LangChain提供内置中间件，用于检测和处理对话中的个人身份信息（PII）。此中间件可以检测常见的PII类型，如电子邮件、信用卡、IP地址等。 PII检测中间件适用于具有合规要求的医疗保健和金融应用、需要清理日志的客户服务代理，以及通常任何处理敏感用户数据的应用程序。 PII中间件支持多种处理检测到的PII的策略：

策略	描述	示例
`redact`	替换为 `[REDACTED_{PII_TYPE}]`	`[REDACTED_EMAIL]`
`mask`	部分遮蔽（例如，最后4位数字）	`**--**-1234`
`hash`	替换为确定性哈希值	`a8f5f167...`
`block`	检测到时引发异常	抛出错误

from langchain.agents import create_agent
from langchain.agents.middleware import PIIMiddleware


agent = create_agent(
    model="gpt-5.4",
    tools=[customer_service_tool, email_tool],
    middleware=[
        # 在发送到模型之前，对用户输入中的电子邮件进行脱敏
        PIIMiddleware(
            "email",
            strategy="redact",
            apply_to_input=True,
        ),
        # 对用户输入中的信用卡进行遮蔽
        PIIMiddleware(
            "credit_card",
            strategy="mask",
            apply_to_input=True,
        ),
        # 阻止API密钥 - 如果检测到则引发错误
        PIIMiddleware(
            "api_key",
            detector=r"sk-[a-zA-Z0-9]{32}",
            strategy="block",
            apply_to_input=True,
        ),
    ],
)

# 当用户提供PII时，它将根据策略进行处理
result = agent.invoke({
    "messages": [{"role": "user", "content": "My email is john.doe@example.com and card is 5105-1051-0510-5100"}]
})

内置PII类型和配置

内置PII类型：

email - 电子邮件地址
credit_card - 信用卡号（Luhn验证）
ip - IP地址
mac_address - MAC地址
url - URL

配置选项：

参数	描述	默认值
`pii_type`	要检测的PII类型（内置或自定义）	必需
`strategy`	如何处理检测到的PII（`"block"`、`"redact"`、`"mask"`、`"hash"`）	`"redact"`
`detector`	自定义检测器函数或正则表达式模式	`None`（使用内置）
`apply_to_input`	在模型调用前检查用户消息	`True`
`apply_to_output`	在模型调用后检查AI消息	`False`
`apply_to_tool_results`	在执行后检查工具结果消息	`False`

有关PII检测功能的完整详细信息，请参阅中间件文档。

Human in the Loop

LangChain提供内置中间件，用于在执行敏感操作前要求人工批准。这是高风险决策最有效的防护栏之一。 Human in the Loop中间件适用于金融交易和转账、删除或修改生产数据、向外部方发送通信，以及任何具有重大业务影响的操作。

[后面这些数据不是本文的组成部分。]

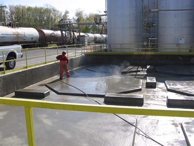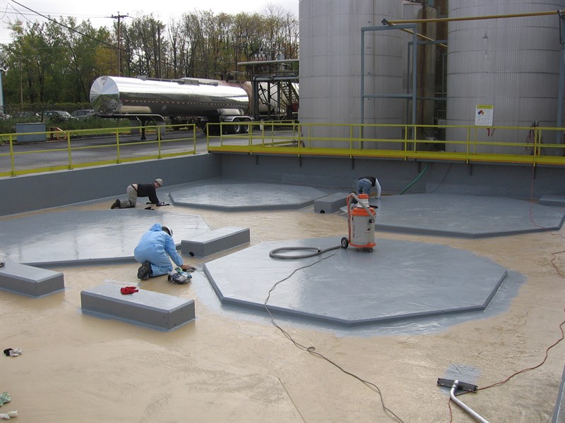Problem: Protective lining required to isolate concrete from minor and major chemical spills.
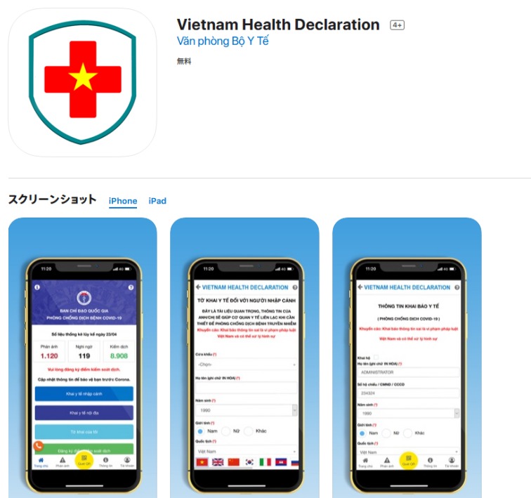 ベトナム入国時にはベトナム保健省が提出を求めている健康申告書を事前に準備する必要があります。健康申告書はWEBで配布されており、また専用アプリもアンドロイドまたはiosで下記サイトよりダウンロード可能です。
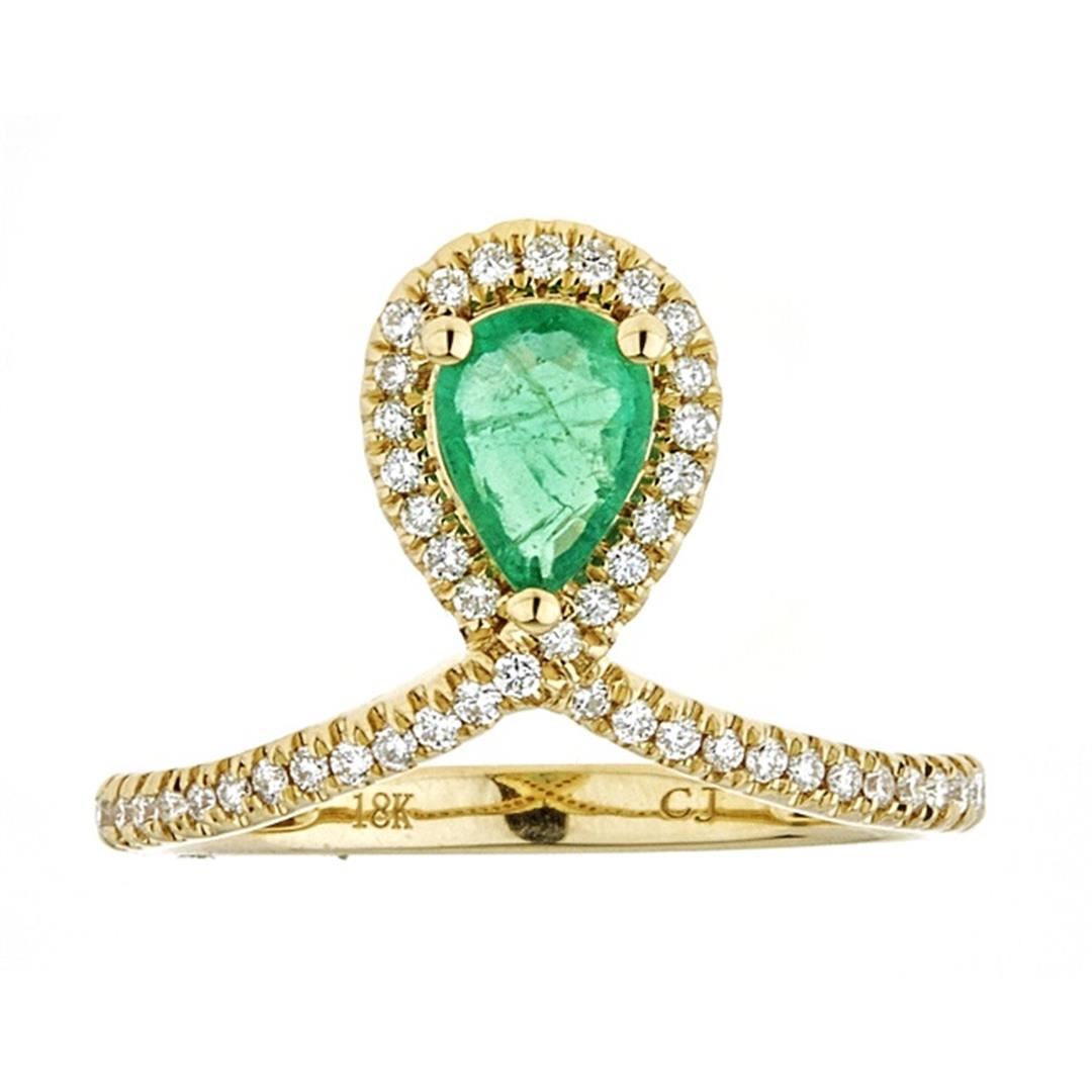 One Emerald and Diamond Ring featuring: 18KT Yellow Gold weighing a total of 3.80 grams, Emerald with a total weight of 0.63ct, and 45 Diamonds with a total weight of 0.23ctw.

from langchain.agents import create_agent
from langchain.agents.middleware import HumanInTheLoopMiddleware
from langgraph.checkpoint.memory import InMemorySaver
from langgraph.types import Command


agent = create_agent(
    model="gpt-5.4",
    tools=[search_tool, send_email_tool, delete_database_tool],
    middleware=[
        HumanInTheLoopMiddleware(
            interrupt_on={
                # 敏感操作需要批准
                "send_email": True,
                "delete_database": True,
                # 自动批准安全操作
                "search": False,
            }
        ),
    ],
    # 在中断之间持久化状态
    checkpointer=InMemorySaver(),
)

# Human in the Loop需要线程ID进行持久化
config = {"configurable": {"thread_id": "some_id"}}

# 代理将在执行敏感工具前暂停并等待批准
result = agent.invoke(
    {"messages": [{"role": "user", "content": "Send an email to the team"}]},
    config=config
)

result = agent.invoke(
    Command(resume={"decisions": [{"type": "approve"}]}),
    config=config  # 使用相同的线程ID恢复暂停的对话
)

有关实现审批工作流的完整详细信息，请参阅Human in the Loop文档。

自定义防护栏

对于更复杂的防护栏，您可以创建在代理执行前或后运行的自定义中间件。这使您能够完全控制验证逻辑、内容过滤和安全检查。

代理前防护栏

使用“代理前”钩子在每次调用开始时验证请求一次。这适用于会话级检查，如身份验证、速率限制或在任何处理开始前阻止不当请求。

from typing import Any

from langchain.agents.middleware import AgentMiddleware, AgentState, hook_config
from langgraph.runtime import Runtime

class ContentFilterMiddleware(AgentMiddleware):
    """确定性防护栏：阻止包含禁止关键词的请求。"""

    def __init__(self, banned_keywords: list[str]):
        super().__init__()
        self.banned_keywords = [kw.lower() for kw in banned_keywords]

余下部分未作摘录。